The man in the room stood motionless now, his face like that of a statue save for the light and life of his eyes. The clock beat the moments; he looked at her. The girl was almost turned from him; he saw more of the bright hair than the pale profile, so still against the delicately carved arabesques of the panel.
"The other way would have been--preferable!"
There was nothing reckless or bold in his bearing now; but, looking away, she did not see. Was he tempted, if only in an infinitesimal degree, to suggest a plea of mitigating circumstances--not for his own sake but for hers; that she might feel less keenly that sense of hurt, of outraged pride, for having smiled on him, admitted him to a certain frank, free intimacy? Before the words fell from his lips, however, she turned; her gaze arrested his purpose, made him feel poignantly, acutely, the distance now between them. "What were you," she hesitated, emphasized over-sharply the word, "transported for?"
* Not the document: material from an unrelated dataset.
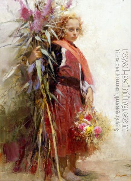* Hand-painted Pino Daeni Oil Painting Reproduction : Flower Child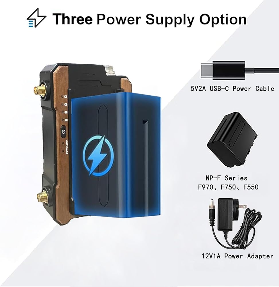 😊【Multiple Power Options/Plug & Play】This Wireless Transmitter and Receiver supports 12V/1A DC power input, 5V/2A Type-C power input, and NP-F series battery(NPF970/NPF750/NPF550) input. Note: NP-F batteries are not included in the packaging. This 4K Wireless Transmitter and Receiver are pre-paired,no apps required,plug&play

An instant his eyes flashed suddenly back at her, as if he were on the point of answering, telling her all, disavowing; but to what end? To ask more of her than of others, throw himself on her generosity?
"What does it matter?"
True; what did it matter to her; he had been in prisons before, by his own words.
"Your name, of course, is not John Steele?"
He confessed it a purloined asset.
"What was it?"
He looked at her--beyond! To a storm-tossed ship, a golden-haired child, her curls in disorder, moving with difficulty, yet clinging so steadfastly to a small cage. His name? It may be he heard again the loud pounding and knocking; held her once more to his breast, felt the confiding, soft arms.